RocksDB implementation principle

Introduction

  • RocksDB is an experimental project of Facebook, which aims to develop an efficient database system that can truly utilize the performance of high-speed storage hardware under server pressure. This is a C++ library that allows storage of arbitrary length binary KV data. Supports atomic read and write operations.
  • RocksDB relies on a large number of flexible configurations to enable it to be tuned for different production environments, including using memory directly, using Flash, using hard disk or HDFS. The use of different compression algorithms is supported, and there is a complete set of tools for production and debugging use.
  • RocksDB reuses a large amount of levedb code and also borrows many HBase design concepts.

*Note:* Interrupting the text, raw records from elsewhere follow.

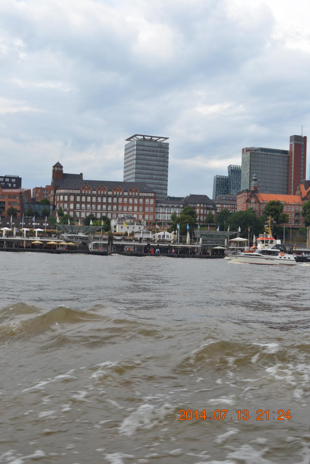 Проходящие в Гамбурге в этот день соревнования по триатлону (4 - ый этап Мировой серии по триатлону - О, как!) Программу по Гамбургу Алёша уточнял с местным гидом до последнего. Многие улицы были перекрыты. Часть соревнований проходила прямо на Ратушной площади. Проехали на автобусе по городу, потом (аааааааааа.... под проливным дождём!!!) шли в порт. Говорят, в Гамбурге погода часто меняется. Вот так встретил нас этот город.
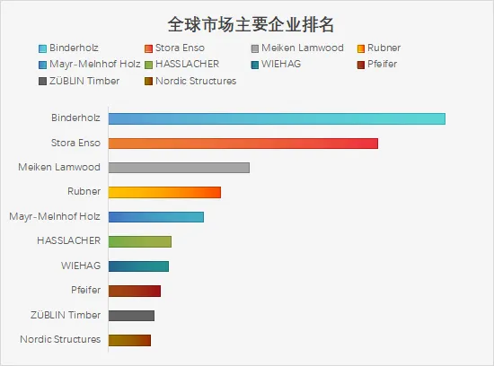 全球范围内,大型木构建筑主要生产商包括Binderholz、Stora Enso、Meiken Lamwood、Rubner、Mayr-Melnhof Holz等,其中前五大厂商占有大约10.28%的市场份额。
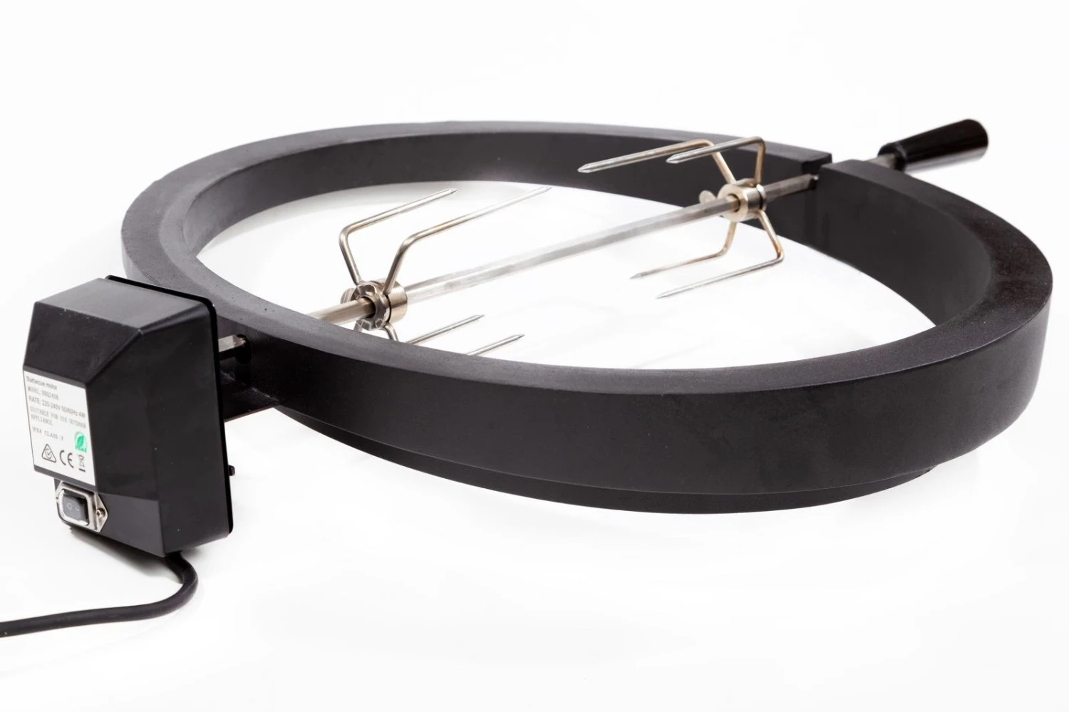 Spit on Fire is een universele rotisserie bestaande uit een RVS Spit en een 4 Watt krachtige elektrische motor. De Spit en de motor zijn geruisloos. En uitermate geschikt voor het grillen van kip, hoenderen, kalkoen of bijvoorbeeld Argentijnse Picanha steaks.
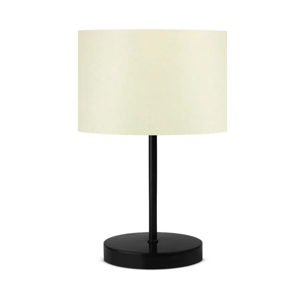 Ev, ofis, cafe ve misafir ağırlayan işletmelere uygun, metal/bakalit ayak üzerine kumaş başlıkla birleştirilmiş, şık abajur/masa lambası.
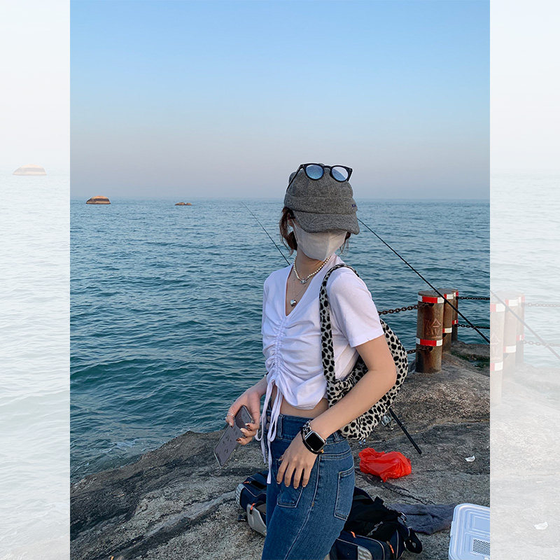Seven4lee Xiaohong design sense white drawstring V-neck top women's summer short bm high waist navel short-sleeved T-shirt
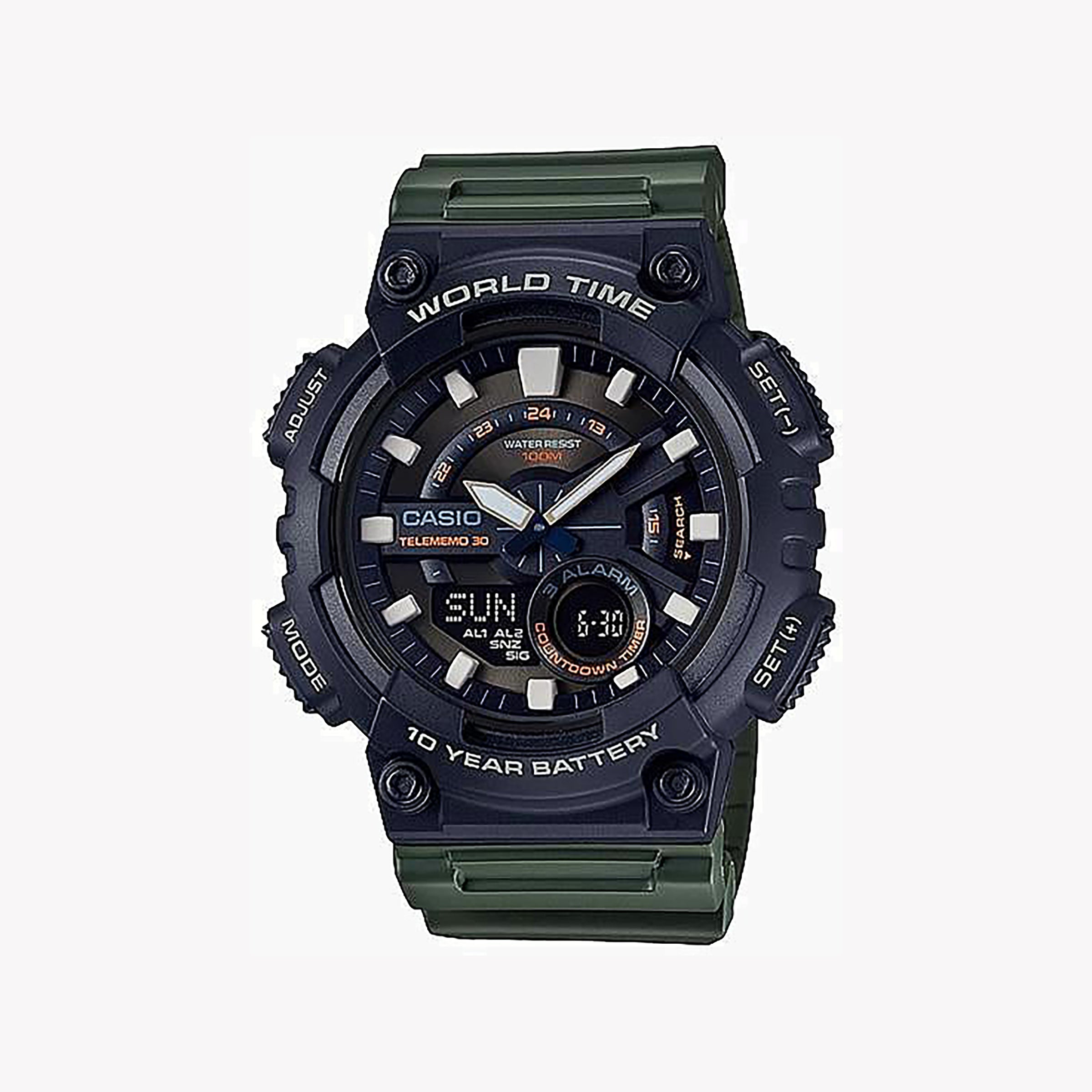 CASIO AEQ-110W-3AVDF - MONTRE POUR HOMMES AVENTURIER SPORTIF avec boîtier noir audacieux et bracelet vert
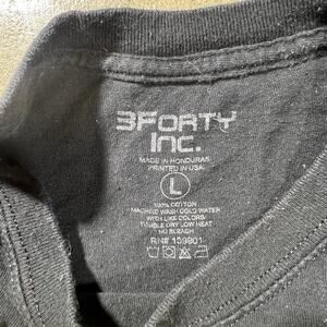 Nipsey Hussle “Legend / Prolific” graphic tee by 3Forty Inc. Black 100% cotton shirt with bold red and gold artwork, graffiti-style text, and large portrait graphic. Modern streetwear memorial-style design.
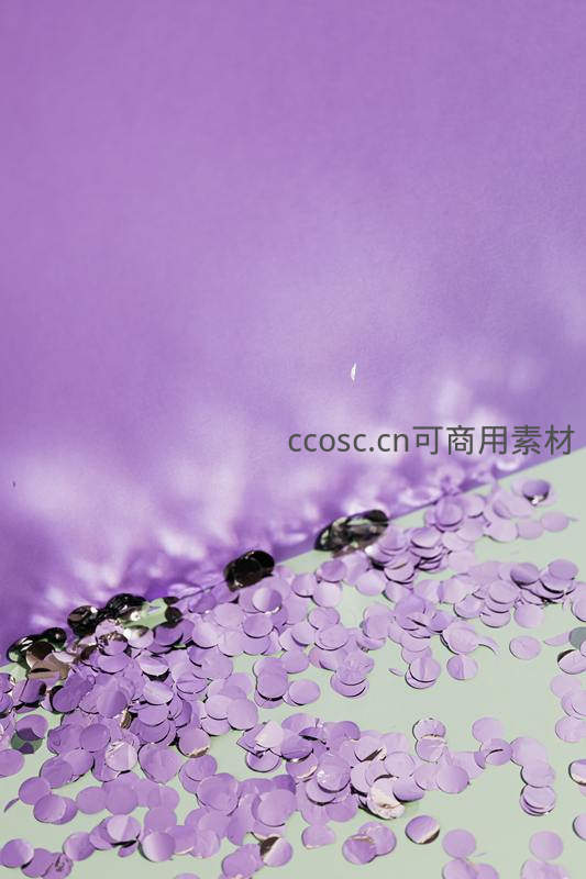 浅绿色平面与紫色背景交界处,大量紫色与银色圆形纸屑自然堆积,光影柔和,营造出静谧浪漫又充满想象力的视觉角落。
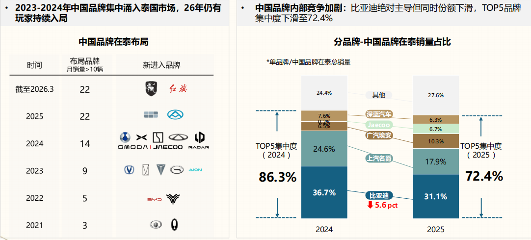 2021年,泰国市场月销超10辆的中国品牌仅3个,2026年这一数字涨到22个;比亚迪虽仍是龙头,但份额从36.7%降至31.1%,中国品牌TOP5集中度下滑至72.4%,市场竞争更趋多元。
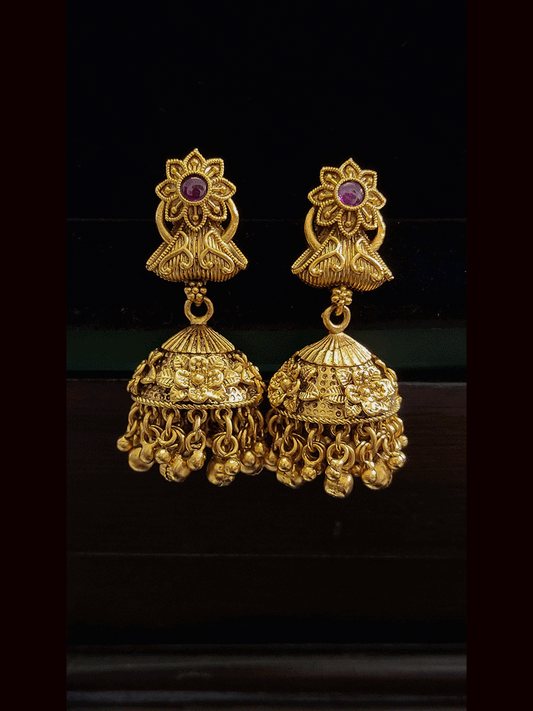 Ruby stone tukdi drop chik set with flower design top

The original code is forked from leveldb 1.5. At the same time, RocksDB also borrowed some concepts and codes that Facebook had before.
  • RocksDB has a wide range of application scenarios; for example, the pika database that supports the redis protocol uses RocksDB to persist data structures supported by Redis; MySQL supports pluggable storage engines, and the MySQL branch maintained by Facebook supports RocksDB;

Compile and install RocksDB

git clone https://github.com/facebook/rocksdb.git
cd rocksdb
# 编译成调试模式
make
# 编译成发布模式
make static_lib
############################ 使用 cmake
######################
mkdir build
cd build
cmake ..

Compression library

Ubuntu

# rocksdb 支持多种压缩模式
# gflags
sudo apt-get install libgflags-dev
# snappy
sudo apt-get install libsnappy-dev
# zlib
sudo apt-get install zlib1g-dev
# bzip2
sudo apt-get install libbz2-dev
# lz4
sudo apt-get install liblz4-dev
# zstandard
sudo apt-get install libzstd-dev

Centos

# gflags
git clone https://github.com/gflags/gflags.git
cd gflags
git checkout v2.0
./configure && make && sudo make install
# snappy
sudo yum install snappy snappy-devel
# zlib
sudo yum install zlib zlib-devel
# bzip2
sudo yum install bzip2 bzip2-devel
# lz4
sudo yum install lz4-devel
# ASAN (optional for debugging)
sudo yum install libasan
# zstandard
sudo yum install libzstd-devel

Basic interface

Status Open(const Options& options, const std::string& dbname, DB** dbptr);
Status Get(const ReadOptions& options, const Slice& key, std::string* value);
Status Get(const ReadOptions& options,  ColumnFamilyHandle* column_family, const Slice& key, std::string* value);
Status Put(const WriteOptions& options, const Slice& key, const Slice& value);
Status Put(const WriteOptions& options, ColumnFamilyHandle* column_family, const Slice& key, const Slice& value);

// fix read-modify-write 将 读取、修改、写入封装到一个接口中
Status Merge(const WriteOptions& options, const Slice& key, const Slice& value);
Status Merge(const WriteOptions& options, ColumnFamilyHandle* column_family, const Slice& key, const Slice& value);

// 标记删除,具体在 compaction 中删除
Status Delete(const WriteOptions& options, const Slice& key);
Status Delete(const WriteOptions& options, ColumnFamilyHandle* column_family, const Slice& key, const Slice& ts);

// 针对从来不修改且已经存在的key; 这种情况比 delete 删除的快;
Status SingleDelete(const WriteOptions& options, const Slice& key);
Status SingleDelete(const WriteOptions& options, ColumnFamilyHandle* column_family, const Slice& key);

// 迭代器会阻止 compaction 清除数据,使用完后需要释放;
Iterator* NewIterator(const ReadOptions& options);
Iterator* NewIterator(const ReadOptions& options,ColumnFamilyHandle* column_family)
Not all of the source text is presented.